Pelotas elege um governador depois de 110 anos


Foto: Vitória Leitzke/JTR Eduardo Leite realizou discurso em Sessão Solene de Posse e Cerimônia de Transmissão de Cargo

Na tarde do primeiro dia do ano, foi realizada a Sessão Solene e Posse do novo governador Eduardo Leite (PSDB), na Assembleia Legislativa do Estado, em Porto Alegre. Desde 1908, o Rio Grande do Sul não tinha um governador pelotense. Com a presença de autoridades políticas, civis, judiciais, militares e religiosas, o presidente da Casa, Marlon Santos (PDT) deu abertura a sessão com discurso sobre a atual situação do Estado e os desafios que estão pela frente. 

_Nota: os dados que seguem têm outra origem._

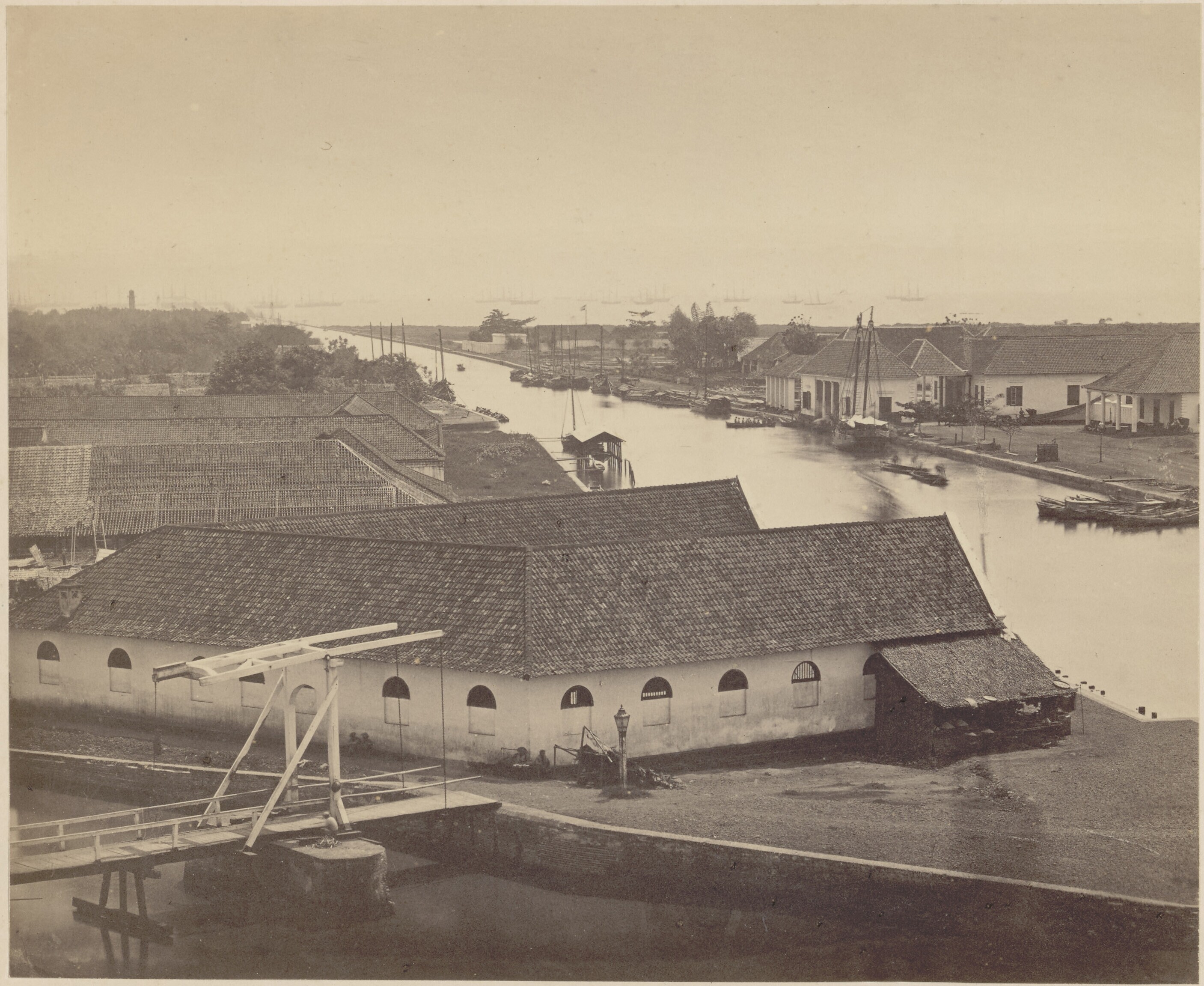 Kanaal met aangemeerde boten en bebouwing aan weerszijden
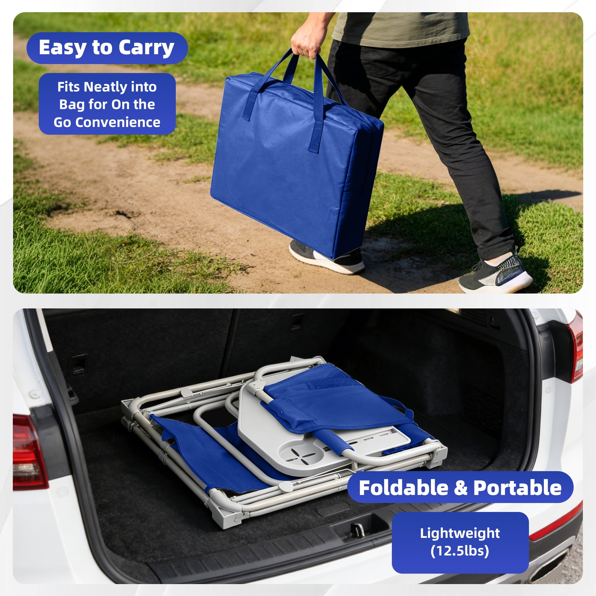 - Convenient Accessories for Hands-Free Relaxation:Stay organized with a built-in cup holder (keep drinks within reach!) and a side mesh pocket (store phones, snacks, or sunscreen). No more fumbling for essentials while enjoying your picnic, fishing trip, or kids’ sports games.
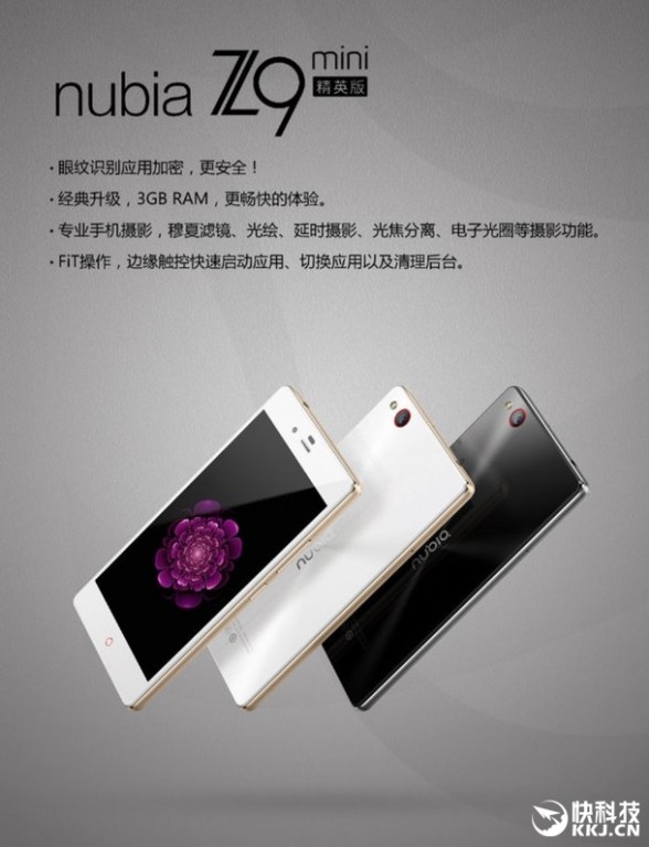 Sementara itu ZTE Nubia Z9 Mini Elite diupgrade RAM-nya menjadi 3GB dari yang sebelumnya hanya 2GB saja. Dengan dukungan fitur eye pattern recognition dan software menarik lainnya. Sisanya masih sama, layar 5 inci dengan resolusi FHD dan kamera 16MP di bagian utama. Tidak lupa pula dengan kamera 8MP di depan. Ponsel ini juga dibekali dengan prosesor Qualcomm Snapdragon 615 dengan 16GB memori internal dan baterai 2900 mAh.

“Esta sessão é uma festa constitucional, e a mensagem que deixo é que o Estado está cansado de bravatas ou aventuras. Nosso desejo é que aquilo de bom realizado pelos governantes anteriores seja considerado, que as coisas boas migrem para esta futura administração e que pontos negativos sirvam de exemplo para que não ocorram outra vez”, destaca o parlamentar. 



Em seguida, a gestão foi oficializada com a assinatura do termo de posse e Leite proferiu seu primeiro discurso como governador. Ele destacou suas primeiras medidas como gestor, como o pedido de convocação de uma sessão extraordinária realizada na última quarta-feira (2), e sobre críticas sofridas durante campanha, além de nomeação de secretariado. 


“Nós não estamos apenas vivendo uma era de mudanças, nós estamos vivendo uma mudança de era, na economia, política, cultura, costumes e até mesmo nas relações sociais. O mundo está mudando e nós precisamos mudar com ele. O governo que assumo aqui será incansável no consenso estratégico para o Estado”, declarou.


Após a sessão, o chefe de Estado caminhou até o Palácio Piratini para assinar com o então governador, José Ivo Sartori, o termo de transmissão de cargo e empossar seu secretariado, divulgado durante as últimas semanas. Os secretários de Articulação e Apoio aos Municípios e de Relações Federativas e Internacionais, Rodrigo Lorenzoni (DEM) e Ana Amélia Lemos (PP), respectivamente, foram os únicos que não compareceram a posse. 


“Agradeço a todas as pessoas que acreditaram em mim. Desde a minha primeira candidatura, como vereador aos 19 anos, quando ousei me apresentar a comunidade da minha cidade querida, Pelotas. Poucas pessoas acreditavam naquele jovem, que teve aquela candidatura com poucos recursos mas com muita vontade, muito entusiasmo, muita sinceridade”, relembra o governador em discurso. 


“Não resolvi todos os problemas de Pelotas quando fui prefeito, ainda somos uma cidade que sofre com as décadas de empobrecimento da Zona Sul. E mesmo assim, essa cidade me deu cerca de 90% dos votos, não porque resolvemos todos os problemas, mas sim porque não nos acomodamos, enfrentamos esses desafios e entregamos resultados concretos, que fizeram a população retomar a confiança na cidade, na política pelotense que há 110 anos não colocava um governador de Pelotas, mesmo sendo a terceira maior cidade do estado”, enfatiza.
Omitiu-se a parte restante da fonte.